(RECORDS TO USE):
↓↓↓

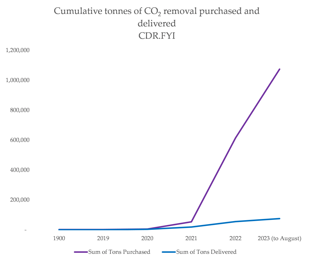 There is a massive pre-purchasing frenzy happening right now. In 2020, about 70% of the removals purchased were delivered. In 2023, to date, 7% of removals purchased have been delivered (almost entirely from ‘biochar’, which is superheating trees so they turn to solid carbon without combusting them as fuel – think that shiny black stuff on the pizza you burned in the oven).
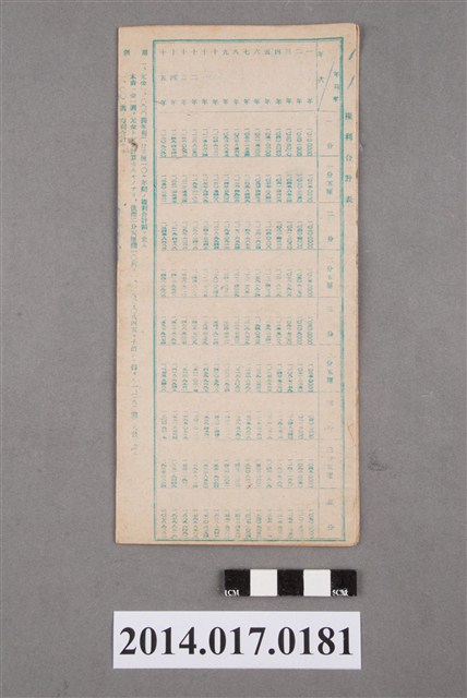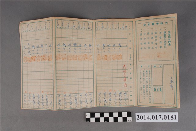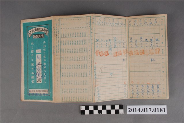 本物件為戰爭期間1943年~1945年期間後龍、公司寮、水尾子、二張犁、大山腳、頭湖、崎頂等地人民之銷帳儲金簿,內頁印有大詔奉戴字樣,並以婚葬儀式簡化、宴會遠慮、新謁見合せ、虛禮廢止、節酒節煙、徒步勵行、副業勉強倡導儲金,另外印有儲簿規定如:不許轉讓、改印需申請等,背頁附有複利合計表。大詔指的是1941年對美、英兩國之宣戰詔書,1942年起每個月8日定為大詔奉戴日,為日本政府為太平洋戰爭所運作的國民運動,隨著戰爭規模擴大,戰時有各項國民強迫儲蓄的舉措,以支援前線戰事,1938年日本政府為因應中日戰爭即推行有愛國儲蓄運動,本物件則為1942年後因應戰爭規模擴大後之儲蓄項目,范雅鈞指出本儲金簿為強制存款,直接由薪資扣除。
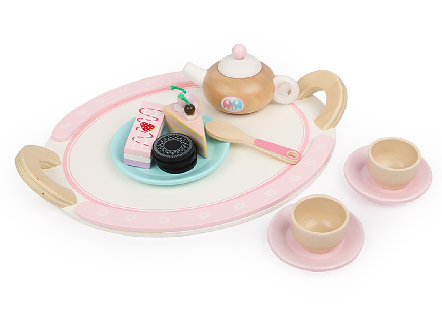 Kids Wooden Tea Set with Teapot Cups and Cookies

↑↑↑
↓↓↓

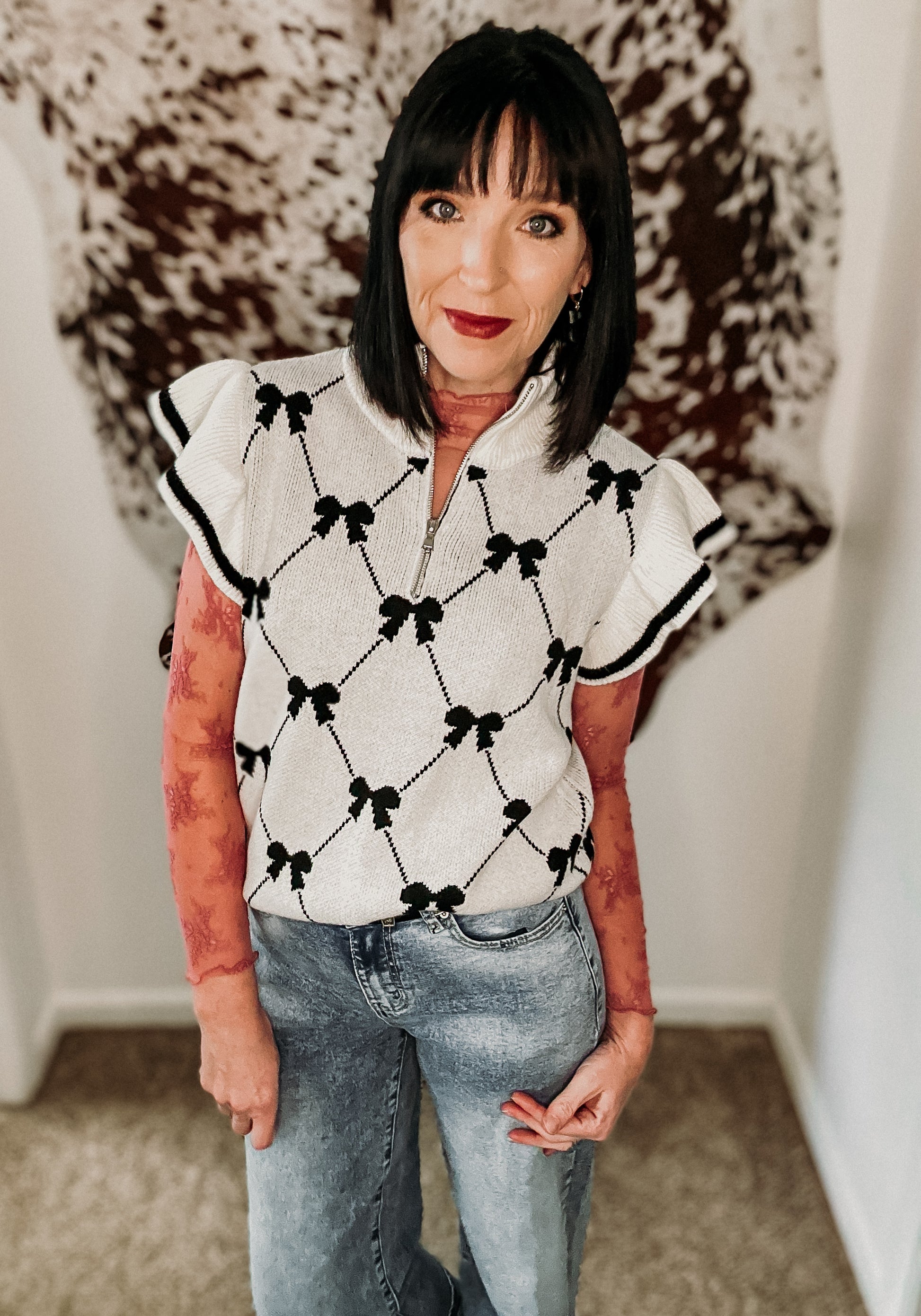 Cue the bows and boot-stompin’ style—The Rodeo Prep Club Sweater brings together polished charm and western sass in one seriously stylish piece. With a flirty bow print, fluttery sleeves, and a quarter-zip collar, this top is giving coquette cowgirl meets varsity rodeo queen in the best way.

↑↑↑
↓↓↓

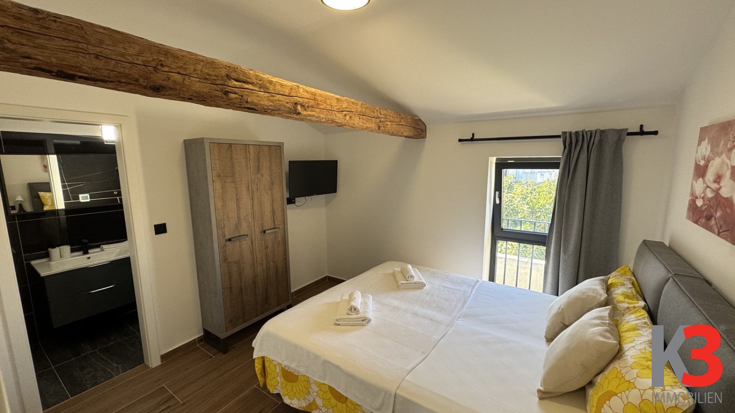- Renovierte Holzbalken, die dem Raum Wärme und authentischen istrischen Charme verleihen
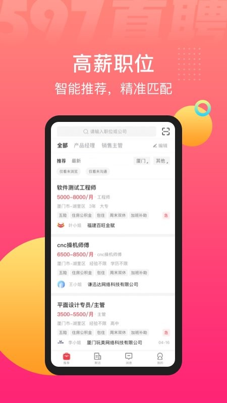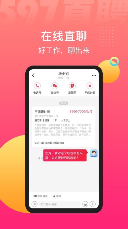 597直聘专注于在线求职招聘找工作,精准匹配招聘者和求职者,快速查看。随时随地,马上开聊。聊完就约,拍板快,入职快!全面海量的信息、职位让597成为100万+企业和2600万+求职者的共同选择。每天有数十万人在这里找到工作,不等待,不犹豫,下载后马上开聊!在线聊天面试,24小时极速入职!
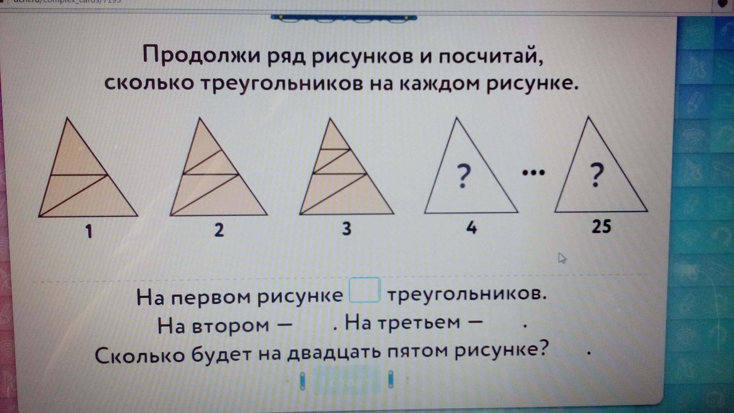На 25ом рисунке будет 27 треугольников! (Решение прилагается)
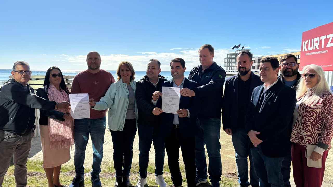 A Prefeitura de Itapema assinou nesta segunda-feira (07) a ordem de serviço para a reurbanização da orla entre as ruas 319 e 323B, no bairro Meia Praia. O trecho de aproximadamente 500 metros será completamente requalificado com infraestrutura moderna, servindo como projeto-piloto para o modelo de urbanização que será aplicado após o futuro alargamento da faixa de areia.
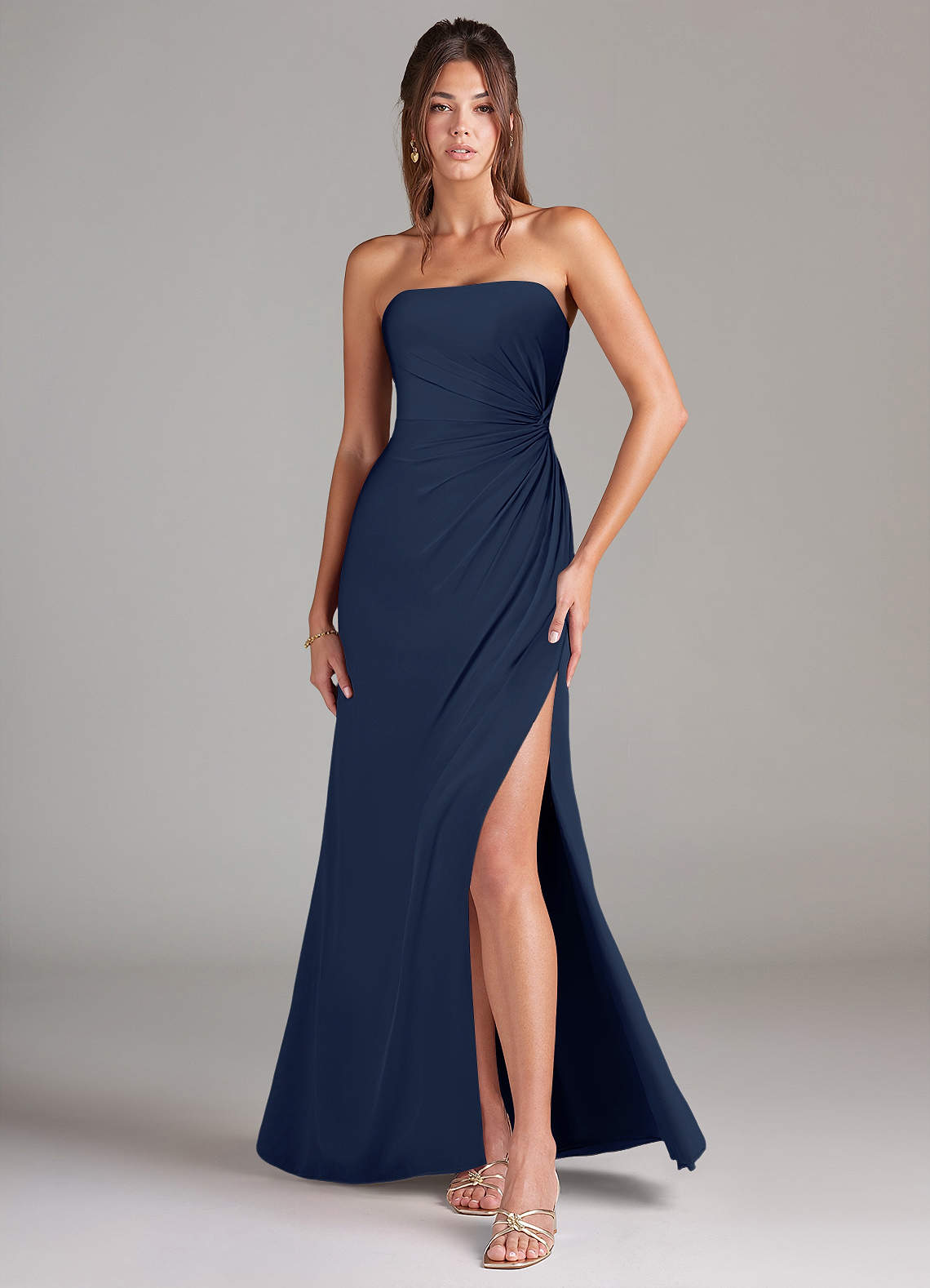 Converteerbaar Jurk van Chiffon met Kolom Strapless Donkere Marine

↑↑↑

(PROBLEM TO WORK ON):
Please output, exactly as written, the lines above from the one holding "На 25ом рисунке" through the one holding "Converteerbaar Jurk van", both included, with the pictures omitted.

(RESPONSE):
На 25ом рисунке будет 27 треугольников! (Решение прилагается)
 A Prefeitura de Itapema assinou nesta segunda-feira (07) a ordem de serviço para a reurbanização da orla entre as ruas 319 e 323B, no bairro Meia Praia. O trecho de aproximadamente 500 metros será completamente requalificado com infraestrutura moderna, servindo como projeto-piloto para o modelo de urbanização que será aplicado após o futuro alargamento da faixa de areia.
 Converteerbaar Jurk van Chiffon met Kolom Strapless Donkere Marine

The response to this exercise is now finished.